How are we or any one to decide what is sexual?~
Some people would say the mere act of you breastfeeding is sexual because you "must" feel pleasure from it.~
You see how our own perceptions of some thing regardless of how it actually is can twist our own view of some thing?~ Especially when we just assume things without even bothering to ask how it is really is.~
Are we, then, opening the can of worms of whether sex in public is okay?
Re: public nudity ... some people say it's enough to practice nudity at home or in designated areas (e.g. nude beaches or whatever). I don't know whether to legalize nudity for *all* locations. Right now it would probably be too soon. Most people aren't ready for it.
Re: breastfeeding in public ... fine by me (as contraversial as it obviously is). Is it sexual? Don't know. Not a woman. Not an expert on these things. I guess even if it is sexual, I still think most people are, well, *ready enough* to start getting used to it.
Most questions about sex, or questions with arguably sexual connotations, strike me as a little messy, and since they can't all be left unanswered, sometimes you have to piece together a messy answer to make a truce with the messy question.
Consent, for example, is a complicated subject in my mind. Notice how countries all over the world (and even different states in the United States) have the age of consent set, well, all over the place, frankly. And is it safe to assume that an adult can give informed consent? I don't know; what about "polygamous" cults that use brainwashing to get their members to consent to it? or what about anyone who was sexually abused as a child; doesn't that impair their ability to give reliable consent? Heck, some people argue that DADT arrangements don't count as "real" consent.
Can we argue that kissing (especially on the lips) is sexual? hand-holding? putting one's hand on another person's butt? Lots of room for disagreement about where to draw the line from what I can tell.
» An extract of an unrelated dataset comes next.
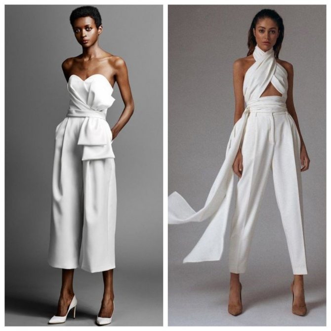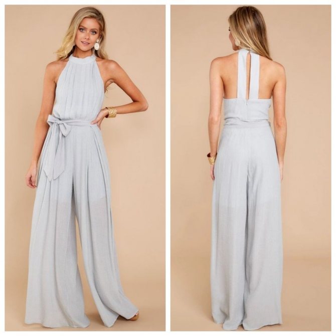 Удивить гостей на свадьбе и выделиться поможет комбинезон. Выбирать рекомендуется стильную модель с широкими брючинами. Они визуально вытягивают силуэт, создают благородный и утонченный образ.
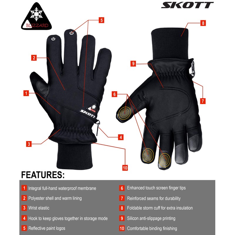 - MULTI-PURPOSE GLOVES: The Skott Blizzard gloves are made for multi-activity use. The unisex design is perfect for both women and men, and the winter gloves can be used for cycling, riding, hiking, driving, skiing, motorcycle riding, biking, running, climbing, snowboarding, or simply shoveling snow in the wintertime. These thermally insulated fleece gloves are a must winter accompany for outdoor working or sports

At this time -- in this generation -- my opinion is that lots of folks are so unready to see (out-and-out) sex in public (let alone share the sight with their kids) that it isn't fair to impose it upon them. Which means that we'll be dealing with some messy questions for quite awhile.
Will it ever be "okay" to expose kids (of what age?) to the sight of out-and-out sex anywhere? Uh, I don't even want to touch that question.
I sense a big ol' contraversy brewing. Crap.